De la anticipación al diseño y del diseño a la evaluación

Conferencia “La definición y medición del impacto social”
Fecha: 13/09/2018

Si una organización brinda 5 millones de dólares para un proyecto y otra, 5.000, se valorará más el primero cuando puede que no rinda tanto como el segundo. Al medirse el impacto social se trata de tomar en cuenta, como prioridad, los impactos de un proyecto en las comunidades. Lo político, las ganancias y el prestigio están en segundo lugar.

“Tendemos a pensar en los insumos como lo más importante, pero en realidad son los resultados. El impacto social pone énfasis en qué queremos lograr”.

Lo dijo Robyn Eversole, Doctora en Antropología del Desarrollo por McGill University, Canadá, profesora titular en Swinburne University, Australia, y quien ha estudiado el desarrollo regional en Australia, América Latina y Asia-Pacífico. Fue durante la conferencia “La definición y medición del impacto social” que tuvo lugar el 21 de agosto de 2018 en el Campus Pocitos de la Universidad ORT Uruguay.

“Cuando empecé este trabajo todo el mundo pensaba en lo económico separado de lo social”, agregó Eversole. “Ahora no es así, se sabe que para lograr el desarrollo económico también hay que lograr el social y el cultural”.

El impacto social puede ser positivo o negativo. Eversole compartió varios ejemplos durante la conferencia. Como diseño de un proyecto con impacto social positivo, contó el de Mornington Peninsula. Se trata de una localidad en Victoria, Australia, donde se licitó toda la operación de un basurero.

Quedó a cargo de una community recycling enterprising. Este tipo de empresas sociales no solo tienen un foco en el reciclaje sino que emplean personas en situación de vulnerabilidad. “El municipio, al decidir contratar a una empresa social que toma en cuenta los beneficios de la comunidad, ha pasado de anticipar los impactos sociales a diseñar para un impacto social positivo”, afirmó Eversole.

Diseñar el impacto

A veces, para conseguir la aprobación de proyectos como compañías mineras, se asegura que va a haber impactos positivos, como crear empleo y oportunidades. Se dice además que llegará gente de otras partes, lo que aumentará la vida social en la comunidad. “Se anticipa lo que podría ser, lo que tal vez va a pasar, pero no significa un real compromiso de accionar estas ideas”, señaló Eversole.

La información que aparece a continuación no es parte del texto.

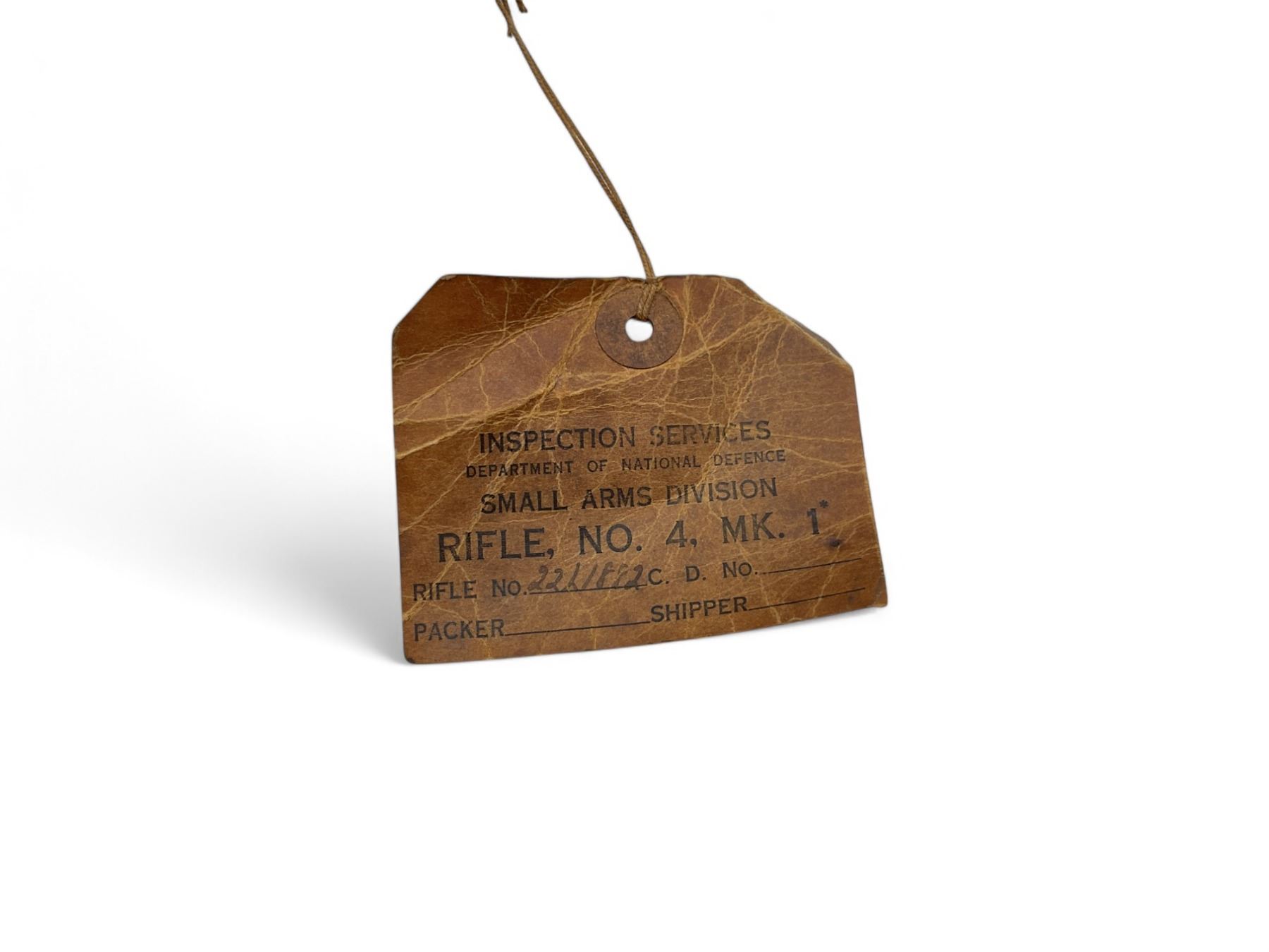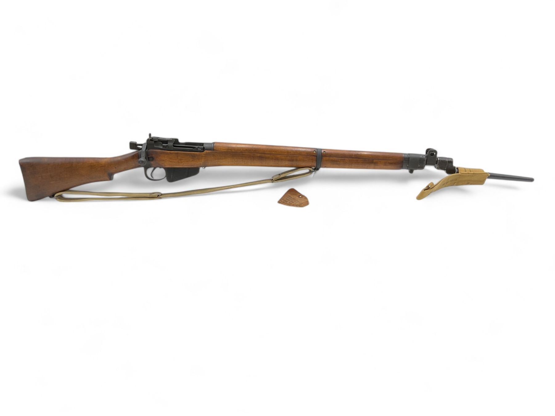 What appears to be an unissued 1943-manufactured Long Branch Lee-Enfield No. 4 Mk. I* bolt-action service rifle. 25.2" barrel with mirror-bright two-groove bore chambered in 303 British. Wood stock. Includes bayonet, scabbard and 1943-dated Pattern 1937 bayonet frog and sling. Consignor indicates this gun was unissued and they removed from the grease but we can not verify this. There is a rack number on the butt of the gun and some marks on the butt stock. Comes with sling and bayonet scabbard. Matching bolt and firearm serial numbers. Magazine is not serialized. Fitted with stamped British Mark III rear sights. Includes inspection hang tag.

Es común que se prevea un impacto social que no resulte. A partir de esto, las empresas han pasado de anticipar el impacto a diseñar para el impacto, como ocurrió en el caso de Mornington Peninsula, dijo la experta. Cada sector tiene definidas sus fortalezas y debilidades para diseñar el impacto social.

Por ejemplo, las empresas privadas tienen la habilidad de generar dinero, pero no suelen ver al impacto social como su misión primaria. Las universidades son importantes en cuanto dar pautas y estrategias para el desarrollo, informar y proveer datos, pero pocas trabajan estrechamente con ONGs. Las empresas sociales toman lo positivo de las ONGs y las empresas privadas para crear impacto social.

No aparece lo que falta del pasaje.